Data under study:
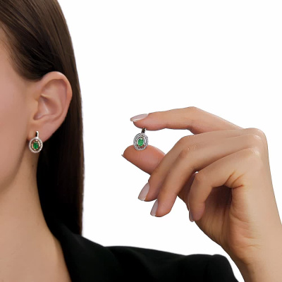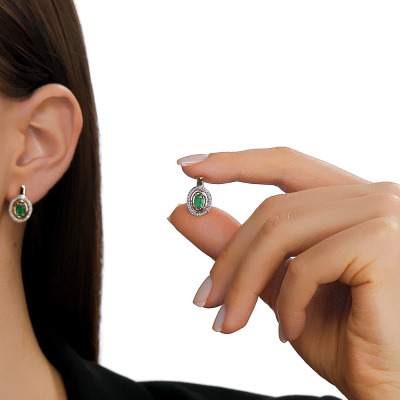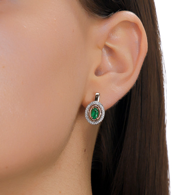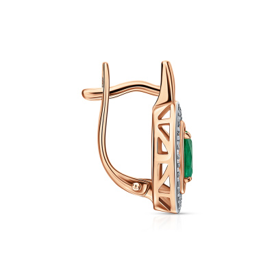 Серьги с 62 бриллиантами природными, 0.15 карат, огранка круг 17 граней, цвет 2, чистота 2, тип огранки А; 2 изумрудами природными, 0.8 карат, цвет 3, чистота 3, тип огранки Б; Розовое золото 585 пробы.
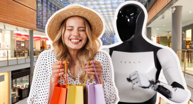 ¡El futuro ya está aquí! Una mujer se viralizó tras ir de compras con sus robots en la alta tecnología de Tesla.
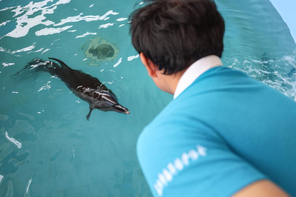 Dolphin "Wan Wan" swims in a pool at a rescue facility in Lingshui, south China's Hainan Province, Sept. 8, 2025. (Xinhua/Zhang Liyun)Dolphin "Wan Wan" swims in a pool at a rescue facility in Lingshui, south China's Hainan Province, Sept. 8, 2025. (Xinhua/Zhang Liyun)
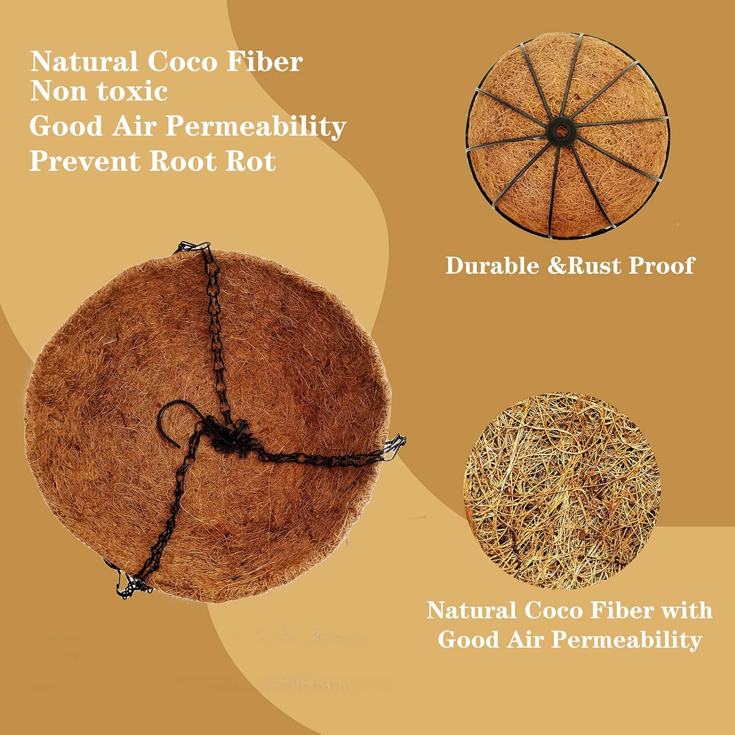 • 🍀 NATURAL MATERIAL AND GOOD CARING:with the material of natural coconut fiber,hanging pots liners feature a good air and water permeability so they can provide good care for your plants. and they are environment- fiendly with the features of non-toxic and tasteless ,so you don't need to worry that they will harm your health and your plants.
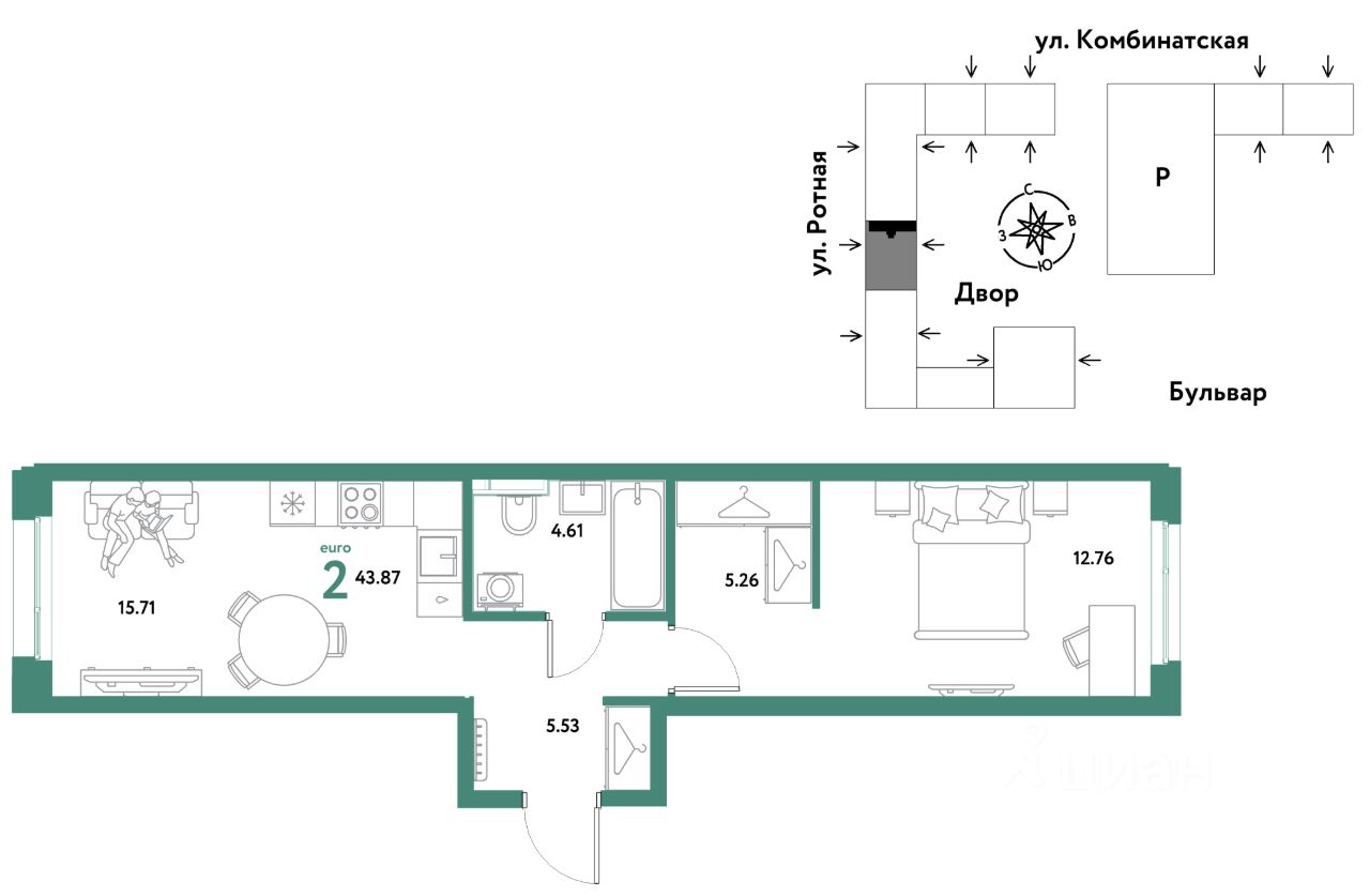 2комнатная квартира площадью 43,87кв. м. на 9 этаже жилого комплекса "Уральский сад".
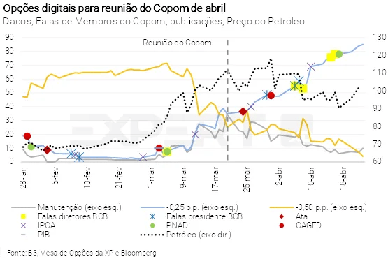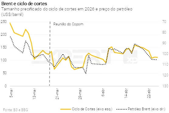 Mercado precifica 0,25 p.p. de corte nesta reunião; tamanho do ciclo segue correlacionado aos preços do petróleo
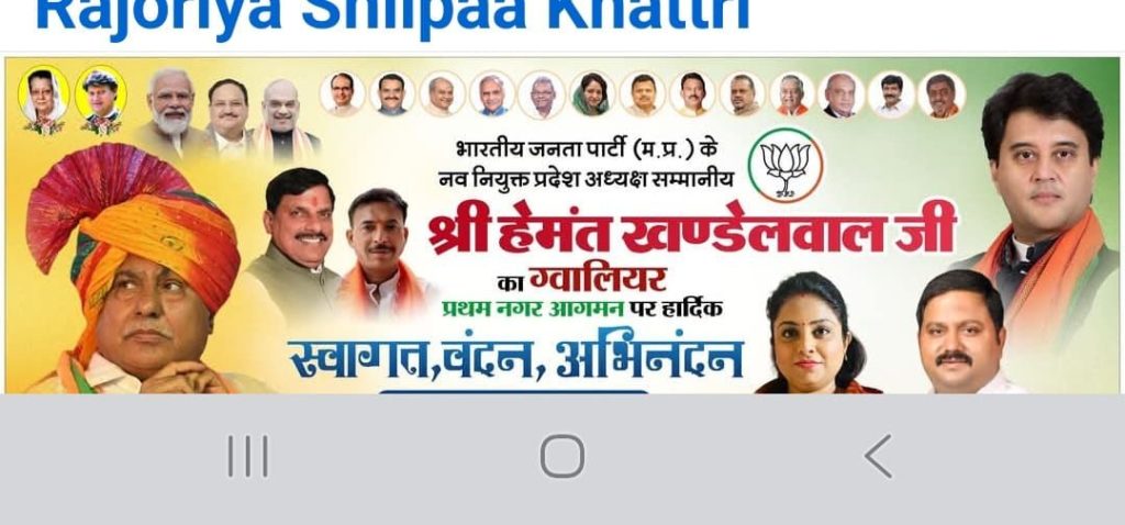 भारतीय जनता पार्टी मध्यप्रदेश के नवनियुक्त प्रदेश अध्यक्ष श्री हेमंत खण्डेलवाल के प्रथम आगमन पर समस्त पंजाबी समाज ग्वालियर के द्वारा माननीय प्रदेशाध्यक्ष का भव्य स्वागत कल 17 जुलाई को दोपहर 1 बजे होटल सेंट्रल पार्क के बाहर, सिटी सेंटर ग्वालियर में आयोजित किया जाएगा .पंजाबी समाज के संयोजक हिमांशु खत्री ने सभी पंजाबी समाज के साथियों से समय पर पधारकर स्वागत कार्यक्रम को सफल बनाने की अपील की हैं.
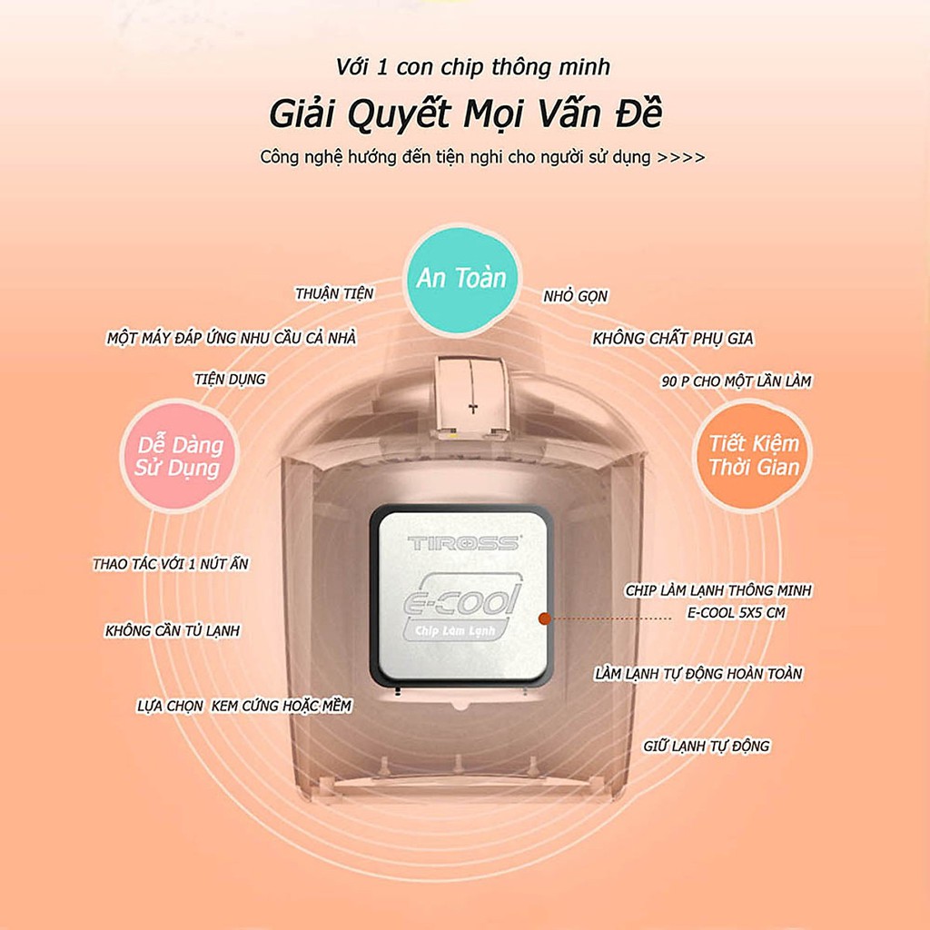 Sản phẩm ứng dụng công nghệ hướng đến sự tiện nghi cho người dùng với 1 con chip thông minh có tên gọi Chip E-COOL. Chip E-COOL có khả năng làm lạnh siêu tốc, chỉ 90 phút cho một lần làm kem và thời gian giữ lạnh lâu gấp 2 lần máy làm kem thông thường giúp tiết kiệm điện năng cũng như thời gian chế biến.
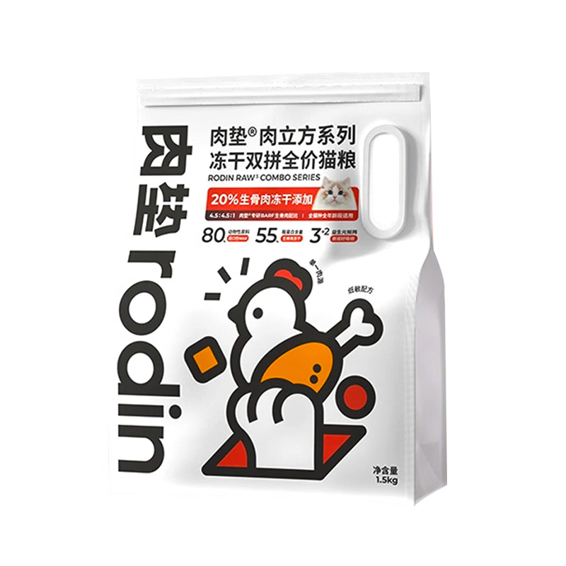 帕特肉垫rodin烘焙双拼冻干猫粮烘焙肉饼鸡肉全阶段成猫增肥发腮美毛 经典双拼冻干猫粮800g*2
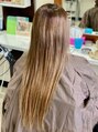 毛先のお色に合わせてロングヘアーに。コテで巻いても少なく感じないように耳から下は太めにつけさせていただきました。
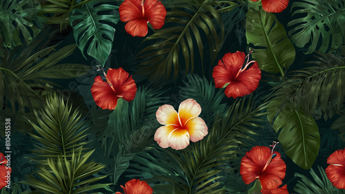 © Flain, Naklejka premium vertical background of tropical leaves. generative ai
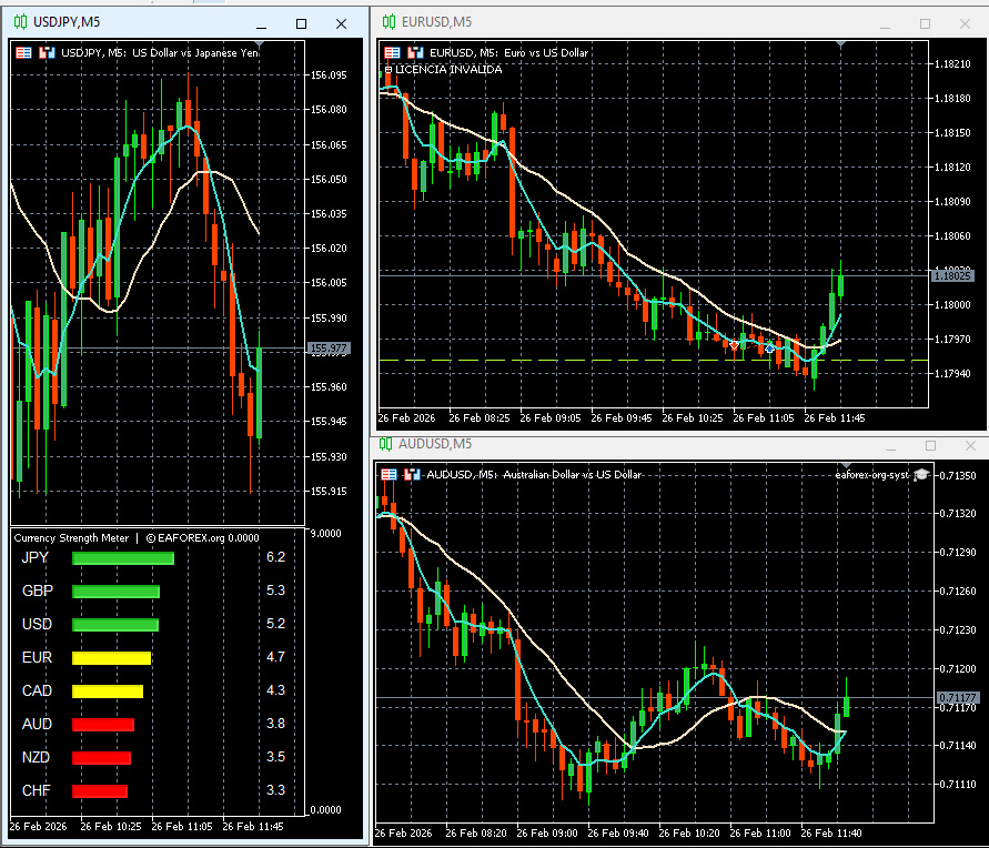 2- Si en el Top” está USD y debajo del todo está el JPY es porque el dólar ha estado subiendo . . . y EUR y AUD estarán bajando. Pero hay que estar atento al número que indica el Meter, ya que solo que el JPY aumente un poco (ej: de 2,8 a 3,1) indicará una intervención del JPY por lo que la situación se revertirá.
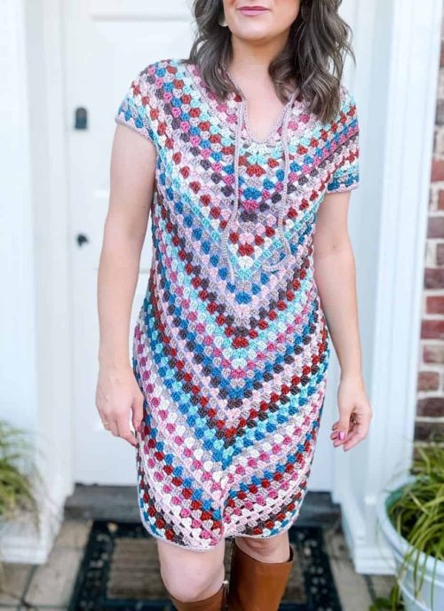 Learn how to make this amazing dress with Hannah. A perfect summer outfit that is available in different sizes from XS to 5XL. All you need to work on are granny stitches to get this unique texture.
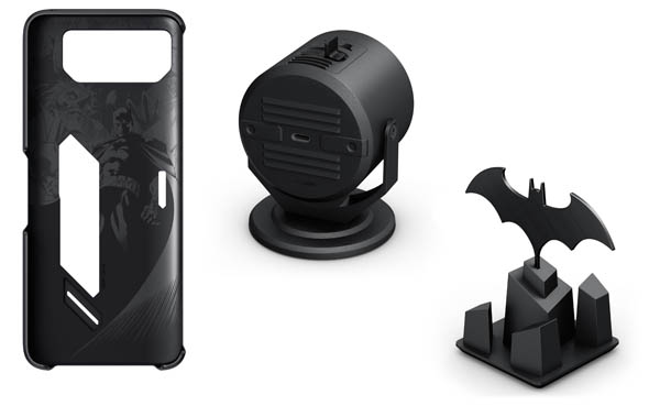 Le smartphone est livré dans un package spécial. Il comprend le téléphone, bien entendu, mais également des accessoires dans le thème Batman. Il y a notamment une coque de protection « Aero Case » Batman, un mini-projecteur Bat-Signal, un outil d’extraction Batarang avec support sur le thème de la ville de Gotham City ainsi qu’un étui de rangement avec une poignée pour être facilement transporté ou exposé.
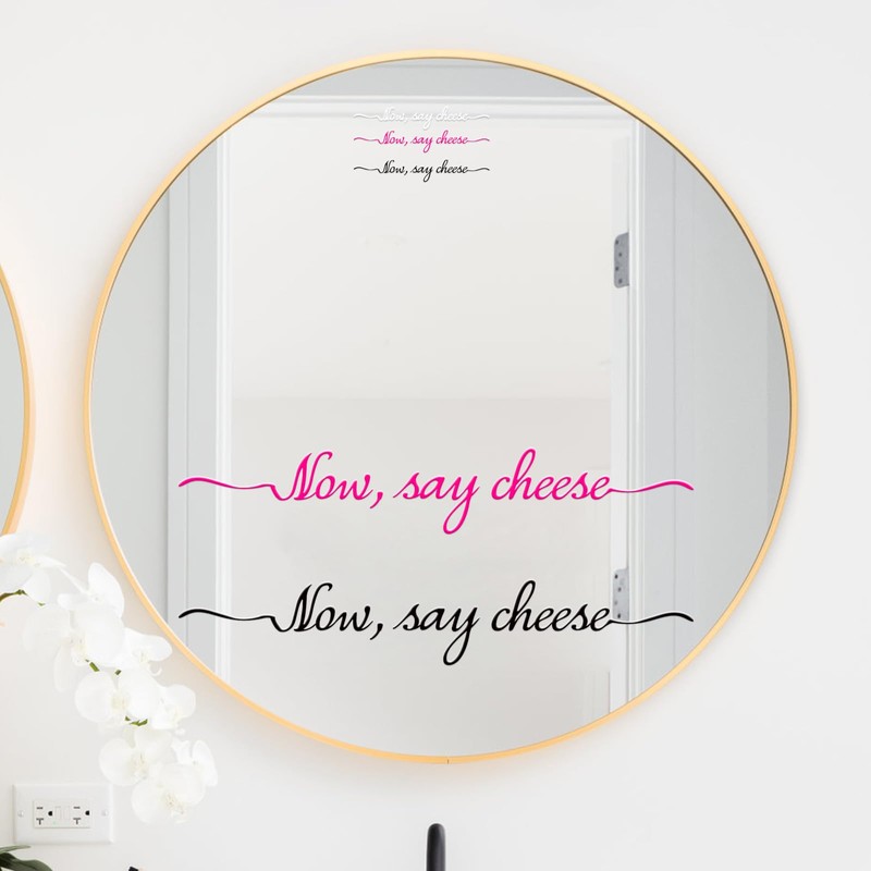 - Positive Affirmation Mirror Decals - Elevate your bathroom or car mirror with our “Now, say cheese” Mirror Decals. Give a smile to yourself every day and cheer yourself on of our “Now, say cheese” Mirror Decal. Elevate your bathroom decor and make every day a little brighter.

Work to complete: For each record, return its text exactly and leave any picture out.

Solution to this exercise:
 Серьги с 62 бриллиантами природными, 0.15 карат, огранка круг 17 граней, цвет 2, чистота 2, тип огранки А; 2 изумрудами природными, 0.8 карат, цвет 3, чистота 3, тип огранки Б; Розовое золото 585 пробы.
 ¡El futuro ya está aquí! Una mujer se viralizó tras ir de compras con sus robots en la alta tecnología de Tesla.
 Dolphin "Wan Wan" swims in a pool at a rescue facility in Lingshui, south China's Hainan Province, Sept. 8, 2025. (Xinhua/Zhang Liyun)Dolphin "Wan Wan" swims in a pool at a rescue facility in Lingshui, south China's Hainan Province, Sept. 8, 2025. (Xinhua/Zhang Liyun)
 • 🍀 NATURAL MATERIAL AND GOOD CARING:with the material of natural coconut fiber,hanging pots liners feature a good air and water permeability so they can provide good care for your plants. and they are environment- fiendly with the features of non-toxic and tasteless ,so you don't need to worry that they will harm your health and your plants.
 2комнатная квартира площадью 43,87кв. м. на 9 этаже жилого комплекса "Уральский сад".
 Mercado precifica 0,25 p.p. de corte nesta reunião; tamanho do ciclo segue correlacionado aos preços do petróleo
 भारतीय जनता पार्टी मध्यप्रदेश के नवनियुक्त प्रदेश अध्यक्ष श्री हेमंत खण्डेलवाल के प्रथम आगमन पर समस्त पंजाबी समाज ग्वालियर के द्वारा माननीय प्रदेशाध्यक्ष का भव्य स्वागत कल 17 जुलाई को दोपहर 1 बजे होटल सेंट्रल पार्क के बाहर, सिटी सेंटर ग्वालियर में आयोजित किया जाएगा .पंजाबी समाज के संयोजक हिमांशु खत्री ने सभी पंजाबी समाज के साथियों से समय पर पधारकर स्वागत कार्यक्रम को सफल बनाने की अपील की हैं.
 Sản phẩm ứng dụng công nghệ hướng đến sự tiện nghi cho người dùng với 1 con chip thông minh có tên gọi Chip E-COOL. Chip E-COOL có khả năng làm lạnh siêu tốc, chỉ 90 phút cho một lần làm kem và thời gian giữ lạnh lâu gấp 2 lần máy làm kem thông thường giúp tiết kiệm điện năng cũng như thời gian chế biến.
 帕特肉垫rodin烘焙双拼冻干猫粮烘焙肉饼鸡肉全阶段成猫增肥发腮美毛 经典双拼冻干猫粮800g*2
 毛先のお色に合わせてロングヘアーに。コテで巻いても少なく感じないように耳から下は太めにつけさせていただきました。
 © Flain, Naklejka premium vertical background of tropical leaves. generative ai
 2- Si en el Top” está USD y debajo del todo está el JPY es porque el dólar ha estado subiendo . . . y EUR y AUD estarán bajando. Pero hay que estar atento al número que indica el Meter, ya que solo que el JPY aumente un poco (ej: de 2,8 a 3,1) indicará una intervención del JPY por lo que la situación se revertirá.
 Learn how to make this amazing dress with Hannah. A perfect summer outfit that is available in different sizes from XS to 5XL. All you need to work on are granny stitches to get this unique texture.
 Le smartphone est livré dans un package spécial. Il comprend le téléphone, bien entendu, mais également des accessoires dans le thème Batman. Il y a notamment une coque de protection « Aero Case » Batman, un mini-projecteur Bat-Signal, un outil d’extraction Batarang avec support sur le thème de la ville de Gotham City ainsi qu’un étui de rangement avec une poignée pour être facilement transporté ou exposé.
 - Positive Affirmation Mirror Decals - Elevate your bathroom or car mirror with our “Now, say cheese” Mirror Decals. Give a smile to yourself every day and cheer yourself on of our “Now, say cheese” Mirror Decal. Elevate your bathroom decor and make every day a little brighter.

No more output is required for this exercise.